UK Copyright Law and Generative AI: Liability, Scraping and Policy

  • Thread Author
The scales balance a CDPA legal book against digital data and cloud tech.
Kevin Sullivan’s briefing from Insider Media sets out the sharp legal fault lines at the intersection of UK copyright law and generative AI, warning that artists, educators and policymakers are locked in a high-stakes debate over how models are trained, who pays for creative inputs, and how to preserve incentive and accountability in an era of “scraping” and large-scale data aggregation.

Background​

Generative AI tools can produce text, code, images, audio and video within seconds by learning statistical patterns from massive datasets. Their rise has been meteoric and pragmatic: businesses and consumers adopt models such as ChatGPT and Copilot to accelerate work, while artists, academics and legislators raise alarm about the unlicensed use of copyrighted material. Sullivan’s overview captures that tension — innovation on one side, creator concern and potential legal exposure on the other.

Why the law matters now​

Copyright remains the central legal framework for protecting the fruits of creative labour in the UK. Under the Copyright, Designs and Patents Act 1988 (CDPA), infringement occurs when a “restricted act” is performed in relation to the whole or a substantial part of a protected work. Importantly, the statutory concept of a “substantial part” is a qualitative test: copying a small but qualitatively important portion can infringe just as surely as wholesale copying. This legal baseline shapes how courts and policymakers evaluate whether AI training and outputs cross the line into infringement.

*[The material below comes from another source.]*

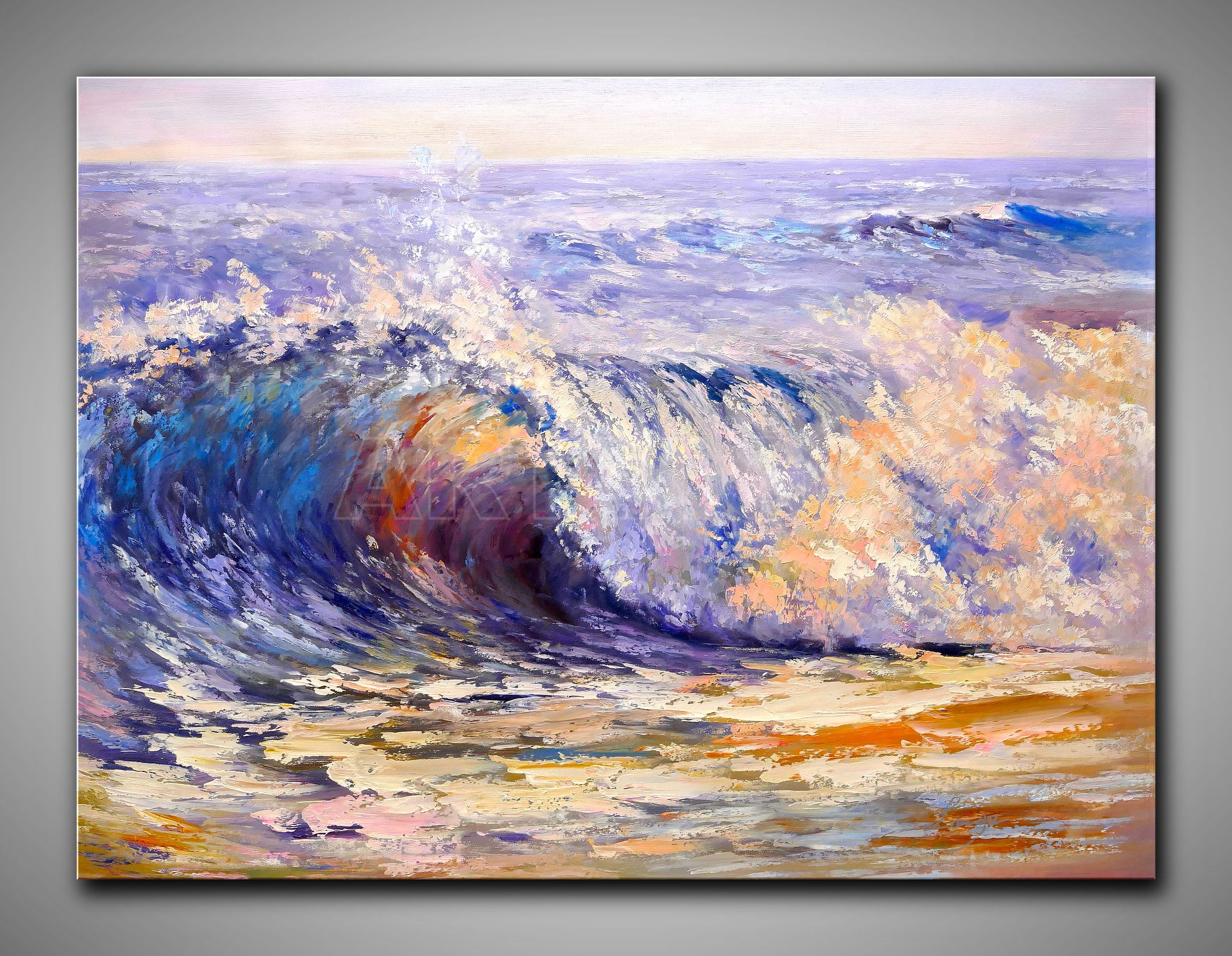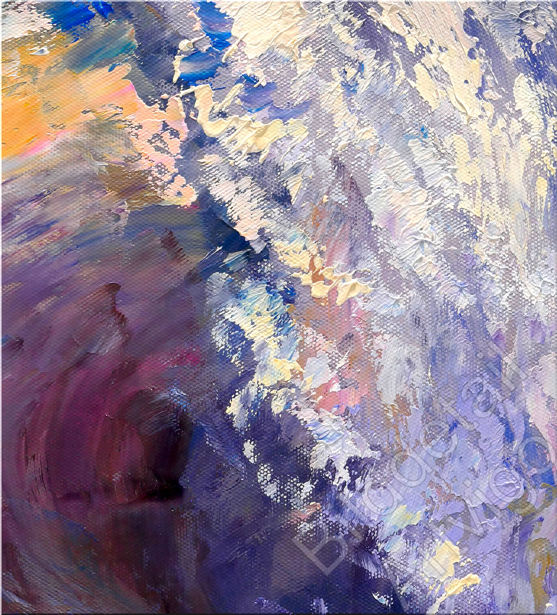 Das Werk folgt der Tradition impressionistischer Meeresmalerei, interpretiert diese jedoch mit zeitgenössischer Expressivität neu. Die pastose Maltechnik erzeugt eine haptische Qualität, die das Gemälde nahezu dreidimensional erscheinen lässt. Besonders bemerkenswert ist die Balance zwischen kontrollierter Komposition und spontaner Gestik – die Welle besitzt strukturelle Klarheit, während die Gischt in abstrahierter Auflösung gezeigt wird. Die unkonventionelle Farbwahl mit Violett-, Rosa- und Goldtönen hebt sich von traditionellen Meeresdarstellungen ab und verleiht dem Werk eine träumerische, fast mystische Qualität. Die energiegeladenen Pinselstriche vermitteln nicht nur die visuelle, sondern auch die kinetische Erfahrung des Meeres.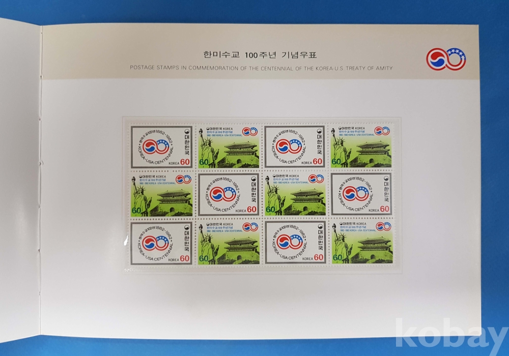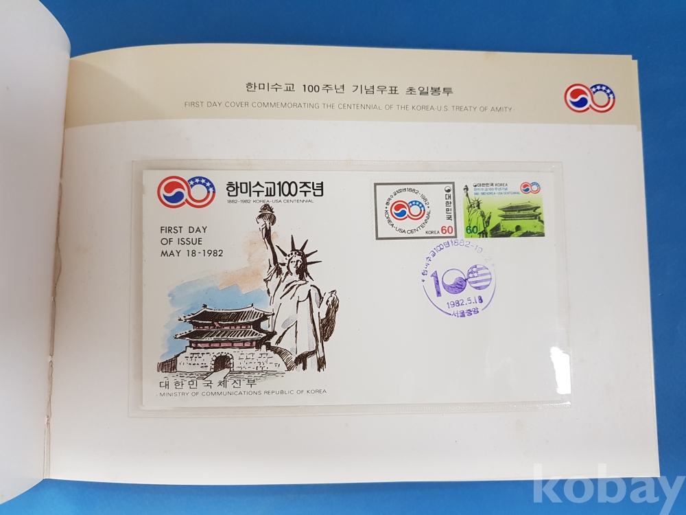 한미수교100주년기념 우표책 (1982년)*우표 23매, 초일봉투 1매 첩부

What Kevin Sullivan laid out​

  • Generative AI “scrapes” internet content en masse to create new outputs that often incorporate or echo protected works.
  • The UK’s current copyright regime restricts copying unless a licence or statutory exception applies.
  • Certain statutory “permitted acts” — for example non-commercial research exceptions and fair dealing — can protect some uses, but they are narrow and fact-dependent.
  • Government policy (labelled “Tech First” in some public commentary) seeks to accelerate AI adoption, including by training pupils in AI skills, while balancing creators’ rights; this has provoked high-profile condemnation from artists such as Sir Elton John.
These are precise, practical observations: the law as written makes unlicensed commercial scraping risky, but the scale and complexity of model training, and the international distribution of infrastructure, blur where liability begins and ends.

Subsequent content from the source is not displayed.